Something Else To Learn From The Secular, Part 1
Yes, I’m unashamedly riffing off of Becky’s Most Excellent Title of a few weeks ago. (AND borrowing a Mir phrase. I’m so unoriginal … but hey, there’s nothing new under the sun.)
The discussion du jour on one of my Christian SF/F fanlists is what we consider “must-reads” on the Christian side of the genre. The point was made that what goes for good writing for secular side goes for Christians, too, and so the list of must-reads was expanded to include more than what’s been put out by the CBA.
To longtime fans of the genre, I’m sure this seems a no-brainer. Christian fans of SF/F are often quite a different lot from the average “Christian reader,” though.
I do not intend that as an insult to either side. I’ve been on both sides myself—first a teenager who dived heedlessly into whatever tickled my fancy, then gradually becoming aware that I didn’t like how I felt inside after reading certain stories. Eventually, I nearly stopped reading fiction altogether because the need of my life was not being met by anything I read at the time. When I made my foray back into fiction, it was cautiously, because I was still very sensitive spiritually, and I chose mostly Christian fiction to read because of the content of much secular work. But by that time, I’d learned enough to realize that some people really do have more tolerance for “unwanted” elements. I’m one of those impressionable types who, if I read too much profanity, I find that it starts permeating my thinking, and then my speech. My husband, on the other hand, despite years in the military and a varied diet of both secular and Christian authors, does not have my propensity to salty language—even when he’s furious.

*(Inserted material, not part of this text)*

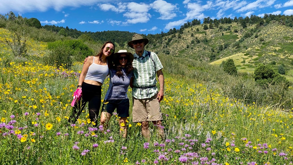 But to return to Colorado. We managed to survive our night at the Stanley Hotel without any ghostly encounters, bid a fond farewell to M and S, and headed off the next day to meet up with daughter A and fiance N, and daughter S, at the Golden home of old friends D & D. That doesn’t stand for dungeons and dragons. But the place they live certainly has a netherworld quality to it. Their house is located on a large expanse once owned by a Colorado beer magnate and is surrounded by hiking trails and cattle and stunning views.

So, I shouldn’t have found it surprising, when I made my foray into the Christian fen community (their collective term for SF/F fans), that so many people were more fond of “secular” SF/F, and less of the “Christian” variety. But I did. Even more surprising, though, was to find that many contemporary authors being published on the secular side are believers, and that their stories are thus infused with solid moral if not openly Christian themes. Where were these people when I was originally into the genre?
I’ve done a lot of thinking, though, about why longtime fans of the genre aren’t fond of CBA SF/F. I’ve come to the conclusion that there will always be some who, for various reasons, use how “clean” a work is as their first criteria for what they read. Some of these would argue that all Christians should hold this as their primary criteria. But I have come to see the value of looking for the redemptive in pieces that some might not choose to read (or view, in the case of film), because of certain content.
So where do we draw the line between secular fiction that may contain objectionable material, but is still good fiction, and the stuff that is truly trash? I’m afraid that answer is going to be different for everyone. Sounds like a cop-out, perhaps, but there is Scriptural evidence that God will send some of His people where He forbids others to go.